**Dataset items**
>>>

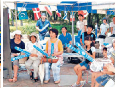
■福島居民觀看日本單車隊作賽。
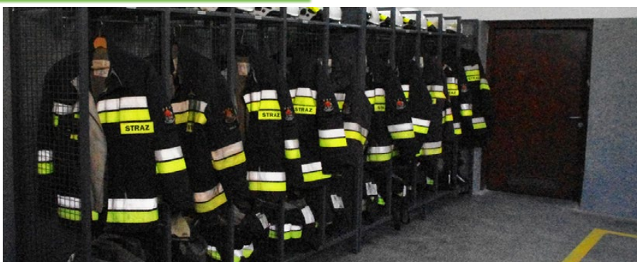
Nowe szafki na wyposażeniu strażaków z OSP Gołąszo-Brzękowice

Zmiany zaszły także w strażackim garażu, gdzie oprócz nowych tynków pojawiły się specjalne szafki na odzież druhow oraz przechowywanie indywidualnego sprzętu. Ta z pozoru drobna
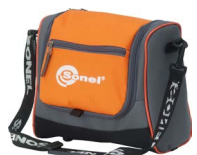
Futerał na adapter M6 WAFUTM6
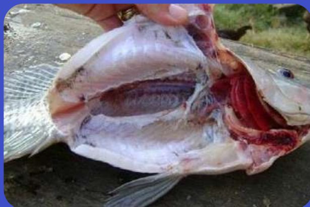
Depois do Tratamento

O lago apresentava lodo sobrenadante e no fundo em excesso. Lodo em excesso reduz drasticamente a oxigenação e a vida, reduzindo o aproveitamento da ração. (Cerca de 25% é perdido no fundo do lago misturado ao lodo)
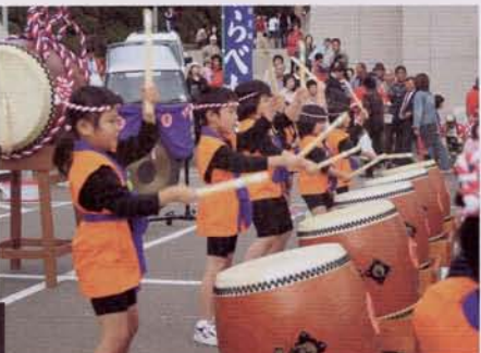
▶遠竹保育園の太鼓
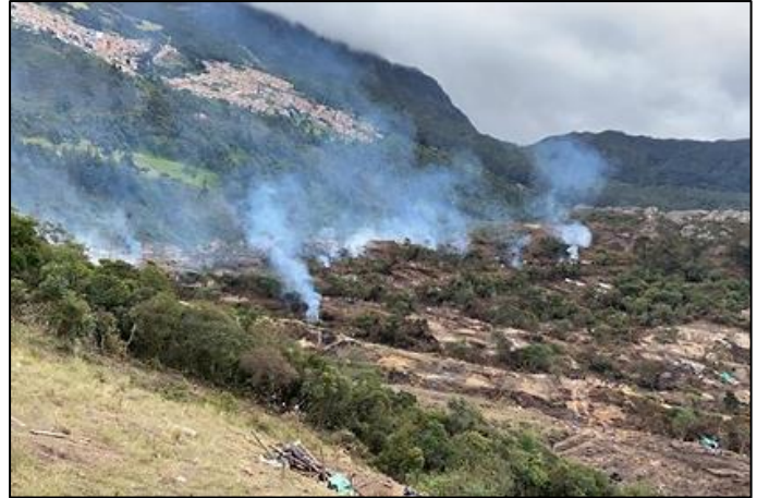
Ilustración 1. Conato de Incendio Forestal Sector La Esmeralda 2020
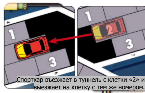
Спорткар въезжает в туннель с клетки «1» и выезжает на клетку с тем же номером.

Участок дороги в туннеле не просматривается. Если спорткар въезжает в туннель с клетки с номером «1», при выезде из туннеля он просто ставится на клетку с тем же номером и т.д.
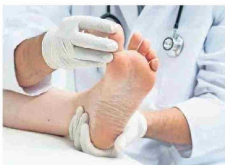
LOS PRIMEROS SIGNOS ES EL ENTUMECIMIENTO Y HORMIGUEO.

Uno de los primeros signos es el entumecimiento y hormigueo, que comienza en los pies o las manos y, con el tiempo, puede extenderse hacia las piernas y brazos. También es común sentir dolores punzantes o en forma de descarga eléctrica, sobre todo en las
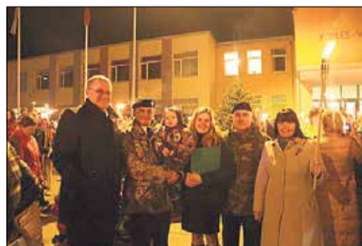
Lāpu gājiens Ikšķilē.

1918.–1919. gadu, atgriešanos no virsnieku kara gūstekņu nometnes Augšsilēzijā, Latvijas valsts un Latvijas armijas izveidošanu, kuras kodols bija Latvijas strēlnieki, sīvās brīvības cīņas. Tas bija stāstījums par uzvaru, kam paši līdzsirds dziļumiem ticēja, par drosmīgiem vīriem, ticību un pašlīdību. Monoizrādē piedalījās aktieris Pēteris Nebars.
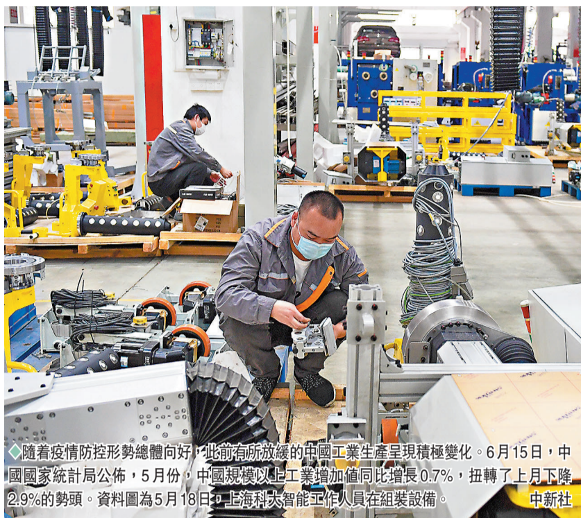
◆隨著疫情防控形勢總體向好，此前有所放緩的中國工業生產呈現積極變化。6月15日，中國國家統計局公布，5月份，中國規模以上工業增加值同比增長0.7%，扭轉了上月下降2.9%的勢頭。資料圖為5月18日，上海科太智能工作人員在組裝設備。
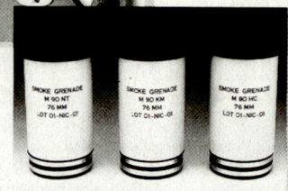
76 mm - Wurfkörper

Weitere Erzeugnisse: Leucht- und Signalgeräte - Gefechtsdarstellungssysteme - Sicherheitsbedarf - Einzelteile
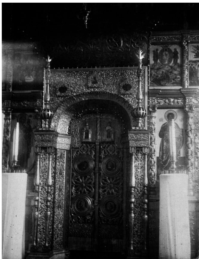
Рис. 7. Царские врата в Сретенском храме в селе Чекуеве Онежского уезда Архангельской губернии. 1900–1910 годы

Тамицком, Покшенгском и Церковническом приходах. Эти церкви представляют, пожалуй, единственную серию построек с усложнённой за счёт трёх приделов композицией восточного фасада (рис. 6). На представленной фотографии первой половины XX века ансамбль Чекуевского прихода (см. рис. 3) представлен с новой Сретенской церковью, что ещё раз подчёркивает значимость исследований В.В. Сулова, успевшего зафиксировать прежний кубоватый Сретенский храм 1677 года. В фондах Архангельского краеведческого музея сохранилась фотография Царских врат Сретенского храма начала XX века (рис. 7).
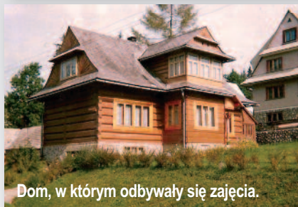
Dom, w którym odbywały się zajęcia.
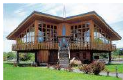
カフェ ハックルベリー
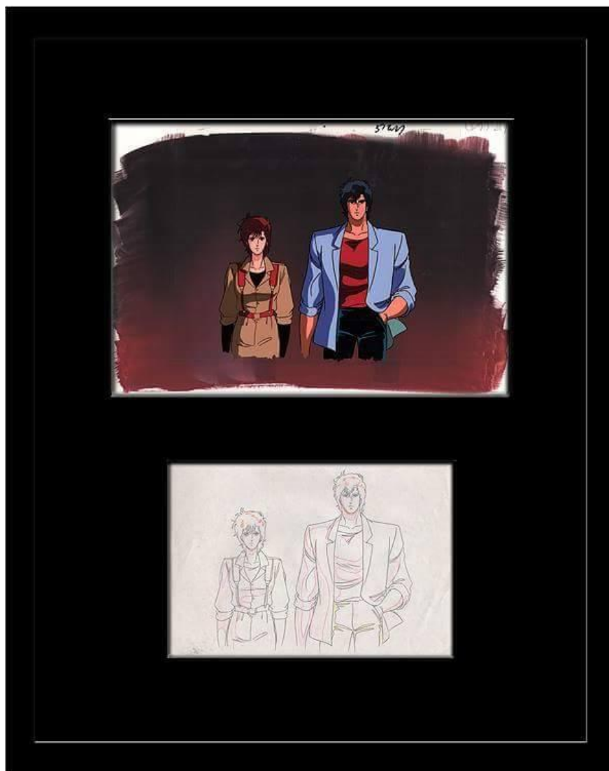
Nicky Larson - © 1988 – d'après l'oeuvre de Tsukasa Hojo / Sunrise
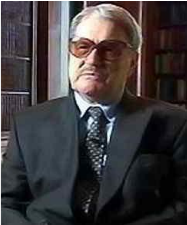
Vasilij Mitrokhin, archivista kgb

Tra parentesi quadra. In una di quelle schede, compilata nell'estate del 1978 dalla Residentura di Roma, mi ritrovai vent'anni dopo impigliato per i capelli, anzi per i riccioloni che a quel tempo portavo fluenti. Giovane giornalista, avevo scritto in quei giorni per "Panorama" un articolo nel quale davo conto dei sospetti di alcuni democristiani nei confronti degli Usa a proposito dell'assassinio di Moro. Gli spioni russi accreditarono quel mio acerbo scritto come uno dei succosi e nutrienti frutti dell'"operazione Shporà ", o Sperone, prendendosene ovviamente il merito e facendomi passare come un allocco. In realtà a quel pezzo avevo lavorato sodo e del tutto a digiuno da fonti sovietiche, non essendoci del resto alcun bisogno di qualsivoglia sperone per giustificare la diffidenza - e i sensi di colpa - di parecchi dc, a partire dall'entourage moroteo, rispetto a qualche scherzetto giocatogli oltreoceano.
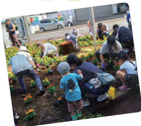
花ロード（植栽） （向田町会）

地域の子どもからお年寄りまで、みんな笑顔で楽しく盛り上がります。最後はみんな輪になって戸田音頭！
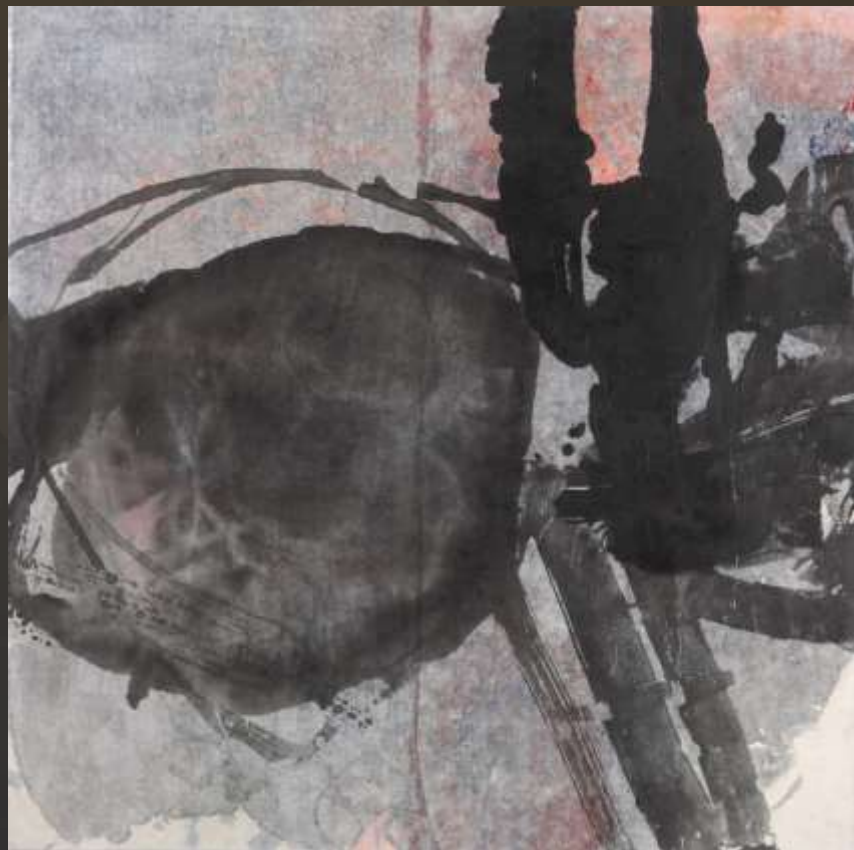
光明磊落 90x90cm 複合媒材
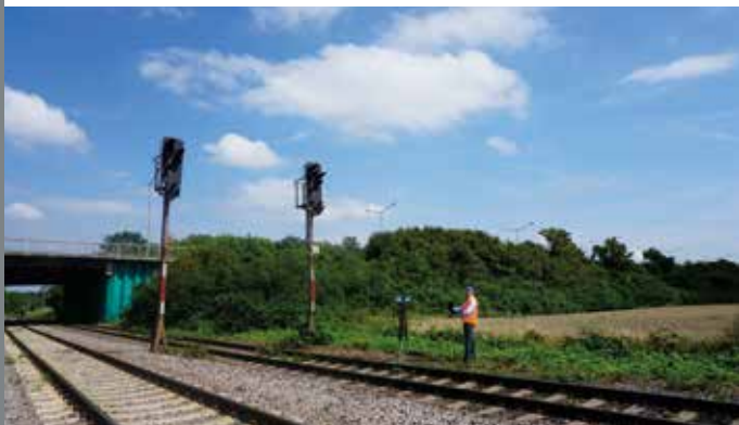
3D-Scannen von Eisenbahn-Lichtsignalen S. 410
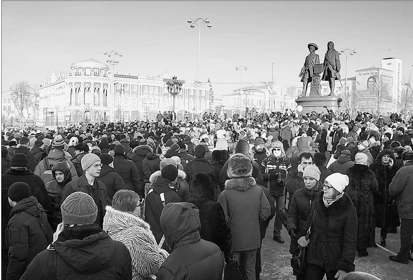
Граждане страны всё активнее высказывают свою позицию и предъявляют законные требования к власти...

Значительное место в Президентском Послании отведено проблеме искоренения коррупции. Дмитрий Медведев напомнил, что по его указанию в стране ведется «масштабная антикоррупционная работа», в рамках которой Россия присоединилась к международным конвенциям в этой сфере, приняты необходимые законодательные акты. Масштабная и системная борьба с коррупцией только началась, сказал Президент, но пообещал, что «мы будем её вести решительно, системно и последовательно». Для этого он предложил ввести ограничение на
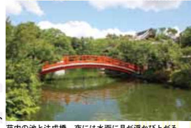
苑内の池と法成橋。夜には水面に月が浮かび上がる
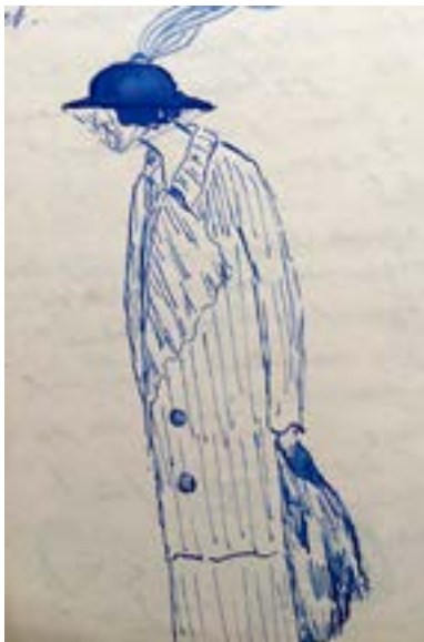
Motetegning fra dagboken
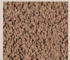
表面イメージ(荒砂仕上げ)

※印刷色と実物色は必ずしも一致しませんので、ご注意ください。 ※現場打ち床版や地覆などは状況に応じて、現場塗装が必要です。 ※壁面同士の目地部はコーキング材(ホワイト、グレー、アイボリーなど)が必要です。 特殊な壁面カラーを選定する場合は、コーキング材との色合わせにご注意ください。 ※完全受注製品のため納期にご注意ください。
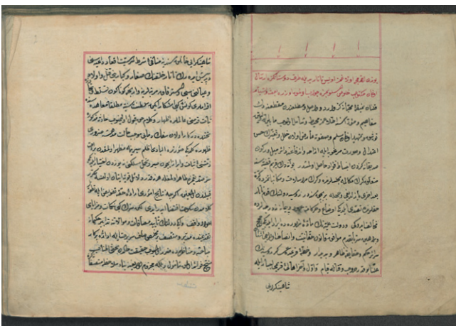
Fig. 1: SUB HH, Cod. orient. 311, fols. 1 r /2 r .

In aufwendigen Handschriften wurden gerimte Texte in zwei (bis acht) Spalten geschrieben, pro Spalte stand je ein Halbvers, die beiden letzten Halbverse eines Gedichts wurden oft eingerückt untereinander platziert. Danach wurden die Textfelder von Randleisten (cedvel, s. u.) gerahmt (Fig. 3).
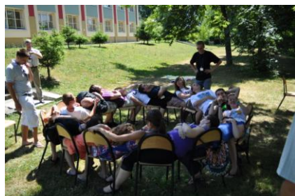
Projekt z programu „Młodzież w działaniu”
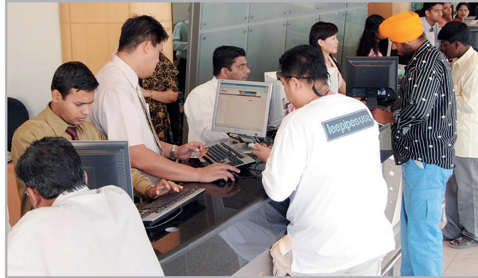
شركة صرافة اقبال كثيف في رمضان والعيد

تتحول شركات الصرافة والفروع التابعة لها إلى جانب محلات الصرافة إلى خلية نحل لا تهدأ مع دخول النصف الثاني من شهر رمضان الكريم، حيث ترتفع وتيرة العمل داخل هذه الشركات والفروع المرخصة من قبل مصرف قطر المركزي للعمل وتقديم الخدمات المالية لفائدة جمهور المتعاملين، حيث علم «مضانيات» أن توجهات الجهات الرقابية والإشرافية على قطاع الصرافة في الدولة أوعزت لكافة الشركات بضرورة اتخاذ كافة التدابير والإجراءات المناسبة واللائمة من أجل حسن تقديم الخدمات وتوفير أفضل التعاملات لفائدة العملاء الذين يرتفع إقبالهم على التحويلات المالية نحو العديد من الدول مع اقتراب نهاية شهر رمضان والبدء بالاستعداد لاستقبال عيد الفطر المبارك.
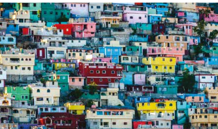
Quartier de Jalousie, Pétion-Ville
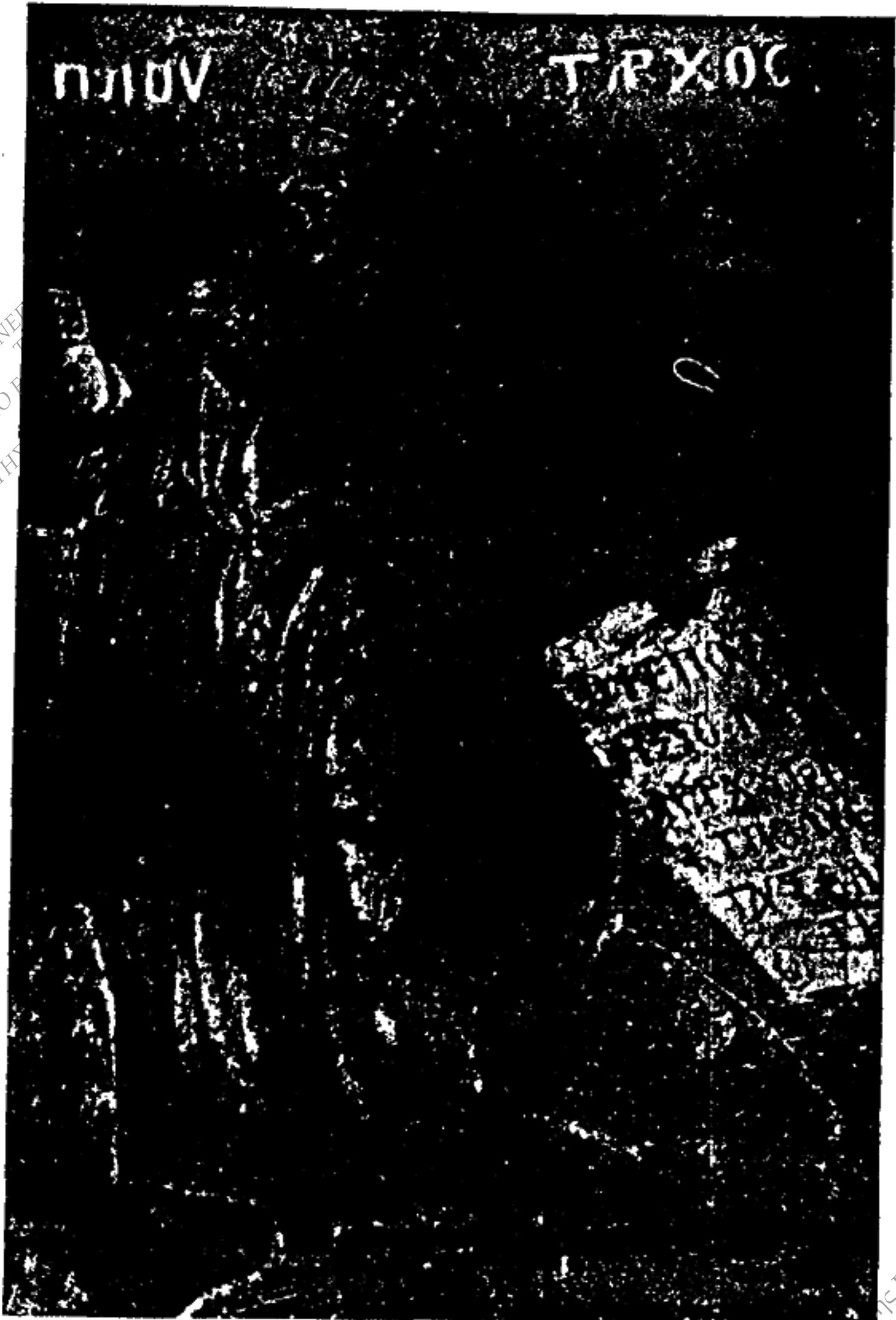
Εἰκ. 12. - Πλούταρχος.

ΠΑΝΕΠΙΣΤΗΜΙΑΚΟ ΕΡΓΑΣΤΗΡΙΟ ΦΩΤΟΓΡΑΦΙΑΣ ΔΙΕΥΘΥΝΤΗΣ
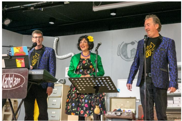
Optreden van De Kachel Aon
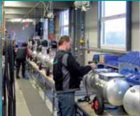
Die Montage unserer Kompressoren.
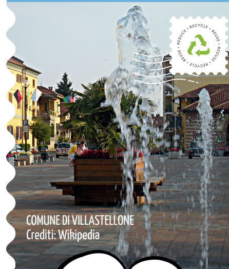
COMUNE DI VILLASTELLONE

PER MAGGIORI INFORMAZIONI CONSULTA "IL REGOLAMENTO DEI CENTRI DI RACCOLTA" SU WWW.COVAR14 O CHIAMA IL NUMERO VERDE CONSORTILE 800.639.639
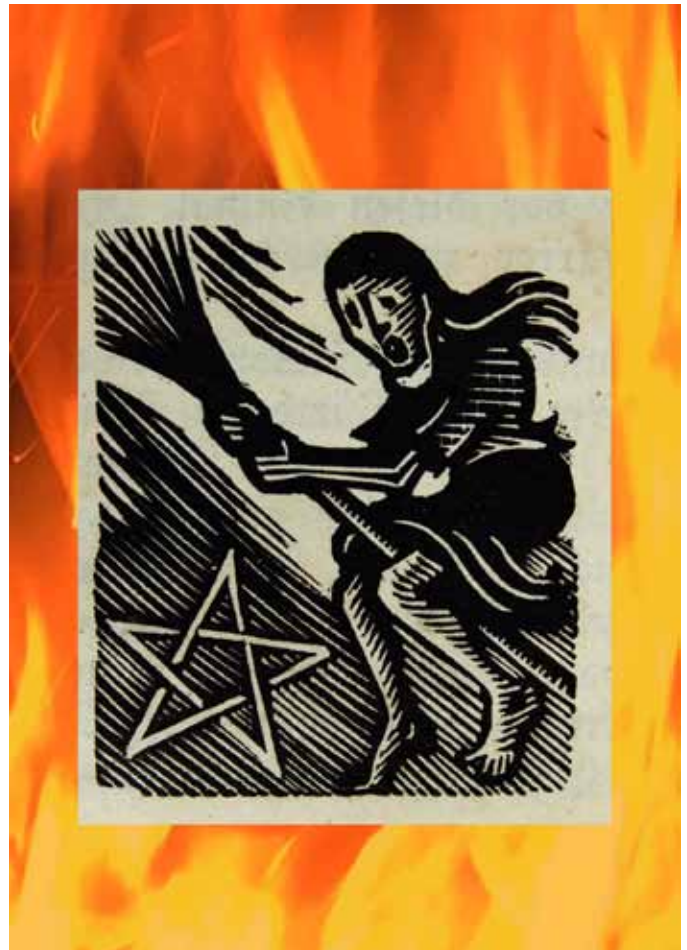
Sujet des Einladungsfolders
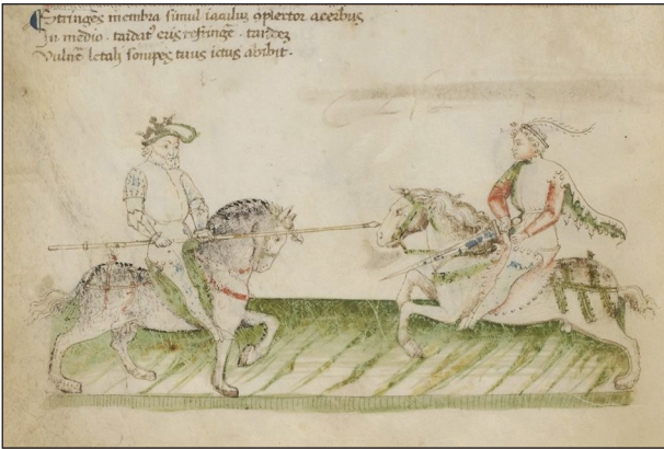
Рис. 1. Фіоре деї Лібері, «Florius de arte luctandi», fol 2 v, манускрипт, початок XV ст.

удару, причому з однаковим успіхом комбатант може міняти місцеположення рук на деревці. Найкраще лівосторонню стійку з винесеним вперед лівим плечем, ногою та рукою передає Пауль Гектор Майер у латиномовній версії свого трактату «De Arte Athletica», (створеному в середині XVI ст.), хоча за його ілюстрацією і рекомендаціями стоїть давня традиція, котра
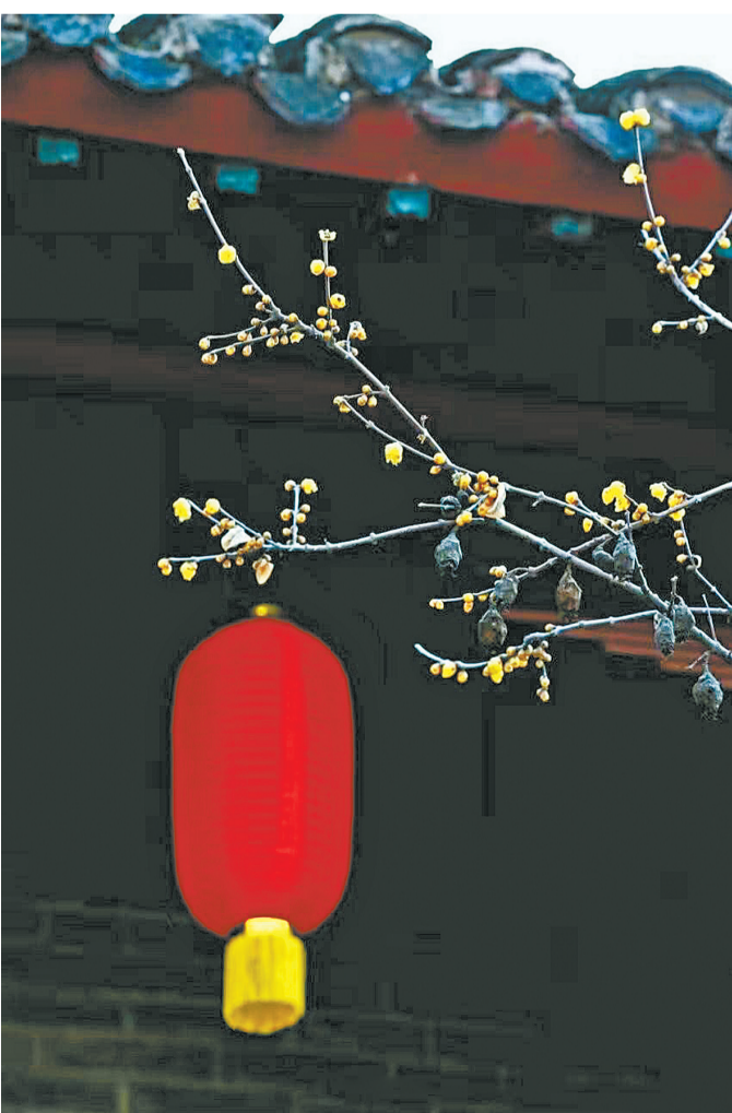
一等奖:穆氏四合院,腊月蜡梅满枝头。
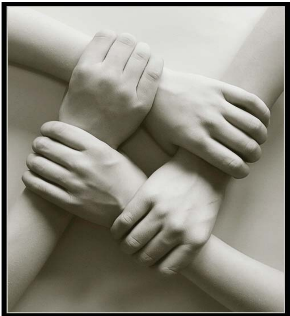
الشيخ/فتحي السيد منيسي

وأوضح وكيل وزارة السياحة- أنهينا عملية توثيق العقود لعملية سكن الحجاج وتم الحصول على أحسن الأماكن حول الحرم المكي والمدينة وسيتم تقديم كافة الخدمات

<<<

**Prompt**
Repeat word for word the lines starting at the one with "Рис. 1. Фіоре" and ending at the final line of the records above, both included; no pictures.

**Task answer**
Рис. 1. Фіоре деї Лібері, «Florius de arte luctandi», fol 2 v, манускрипт, початок XV ст.

удару, причому з однаковим успіхом комбатант може міняти місцеположення рук на деревці. Найкраще лівосторонню стійку з винесеним вперед лівим плечем, ногою та рукою передає Пауль Гектор Майер у латиномовній версії свого трактату «De Arte Athletica», (створеному в середині XVI ст.), хоча за його ілюстрацією і рекомендаціями стоїть давня традиція, котра
一等奖:穆氏四合院,腊月蜡梅满枝头。
الشيخ/فتحي السيد منيسي

وأوضح وكيل وزارة السياحة- أنهينا عملية توثيق العقود لعملية سكن الحجاج وتم الحصول على أحسن الأماكن حول الحرم المكي والمدينة وسيتم تقديم كافة الخدمات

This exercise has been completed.